Several pieces of evidence in this study support a close association
between FoxC1 expression and HCC metastasis. First, FoxC1 protein and mRNA levels were correlated with the metastatic potential of the HCC cell lines examined. Second, FoxC1 expression was markedly higher in metastatic lesions, compared with their corresponding primary tumor samples. Third, up-regulation of FoxC1 significantly promoted the invasion and lung metastasis of HCC cells, whereas the knockdown of FoxC1 decreased the invasion and metastasis of HCC cells. EMT plays an important role in HCC invasiveness and metastasis.34, 35 The EMT transition triggered during tumor progression is controlled by several transcription factors, including Twist, Snai1, Slug, Goosecoid, ZEB1, and SIP1.24 In this study, we found that the overexpression of FoxC1 had a significant effect on EMT, as indicated
by the increased Selleckchem Sirolimus expression of mesenchymal markers (fibronectin and vimentin) and decreased expression of epithelial markers (E-cadherin and ß-catenin).
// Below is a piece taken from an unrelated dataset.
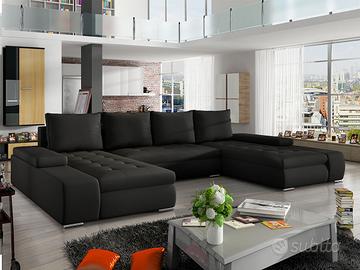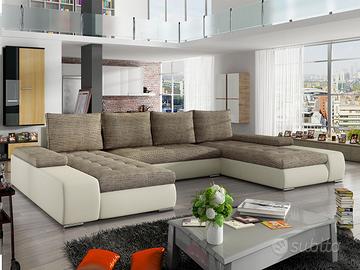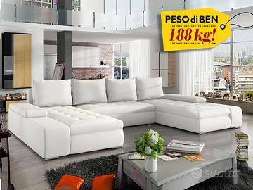Divano ad U con box, provvisto di 1 pratico box contenitore, disponibile in 12 combinazioni di rivestimento, ad egual prezzo. Divano ad U con box – Bahamas, ha una bellissima linea molto raffinata ed essenziale e si caratterizza per avere 2 penisole di medesima lunghezza e braccioli bassi, nella parte anteriore delle penisole i braccioli in ecopelle sono a livello della seduta. Ideale per arredare una zona giorno in stile moderna, si presta anche ad essere inserito in contesti di varia natura stilistica. Nella parte centrale è dotato di pratico box contenitore e con un semplice movimento è trasformabile in letto matrimoniale. Divano ad U con box di qualità, robusto e dal peso di 188 Kg! EXCELLENT LINE – GARANZIA DI 2 ANNI COME DA NORMATIVA EUROPEA STRUTTURE INTERNE E RIVESTIMENTI MOLTO RESISTENTI PRODOTTO ROBUSTISSIMO E DI ALTA QUALITA’! SCHEDA TECNICA: Struttura divano: legno massello, legno semilavorato e legno artificiale. Cinghie di sostegno in ferro. Seduta: imbottitura in uno strato di schiuma di poliuretano alta resilienza dalla densità di 40 kg/m3. Braccioli e schienale: imbottitura di schiuma di poliuretano dalla densità di 30 kg/m3 Piedi: in metallo colore cromato Rivestimento in tessuto: 100% poliestere di alta qualità, resistente agli strappi e all’usura Rivestimento in ecopelle: 100% PU ad alta grammatura (425 g/m2), idrorepellente, morbida al tatto e resistente agli strappi e all’usura Pulizia del rivestimento in tessuto: la pulizia del tessuto deve essere effettuata sul posto con le schiume a secco apposite, con i pulitori a vapore (100 gradi) o con le aspirapolveri ad acqua per tessuti. Questo divano non è sfoderabile. Pulizia del rivestimento in ecopelle: essendo l’ecopelle idrorepellente, la pulizia di tale rivestimento deve essere effettuata semplicemente con un panno umido ammorbidito in acqua tiepida. Divano di grande qualità molto elegante, raffinato, pratico e funzionale dal peso di ben 188 kg!

In contrast, knockdown of FoxC1 decreased the expression of mesenchymal markers and increased the expression of epithelial markers. EMT is a key event in tumor invasion and metastasis; epithelial cells lose their epithelial adherence and cell-cell contacts and undergo remarkable cytoskeletal remodeling to facilitate cell motility and invasion.36 Thus, HCC cells overexpressing FoxC1 find more most likely become more invasive by undergoing EMT. Disruption of the E-cadherin-mediated adhesion system is a major event in the transition from a noninvasive
tumor to invasive malignant carcinoma and is a key biomarker for EMT.23 E-cadherin is directly repressed by Snai1, which, in turn, induces mesenchymal phenotype acquisition in epithelial tumor cells.37, 38 FoxC1 increases cell migration and invasion in mammary epithelial cells by inhibiting E-cadherin expression.18 However, the molecular mechanism by which FoxC1 inhibits E-cadherin expression remains unknown. This study was the first to demonstrate that FoxC1 transactivates Snai1 expression by directly binding to its promoter, thus leading to the inhibition of E-cadherin transcription by its repressor, Snai1. Inhibition of Snai1 expression significantly suppressed FoxC1-enhanced invasion and lung metastasis. In addition, in a cohort of 406 medchemexpress human HCC tissues, we found that FoxC1 expression was positively correlated with Snai1 expression, but inversely correlated with E-cadherin expression. More important, patients exhibiting FoxC1(+)/Snai1(+) coexpression had the highest recurrence rates and lowest OS among the four subgroups, whereas patients exhibiting FoxC1(+)/E-cadherin(−) expression had shorter OS times and higher recurrence rates. Thus, both experimental and clinical evidence indicate that the FoxC1/Snai1/E-cadherin pathway may play an important role in promoting HCC metastasis and producing a poor clinical outcome.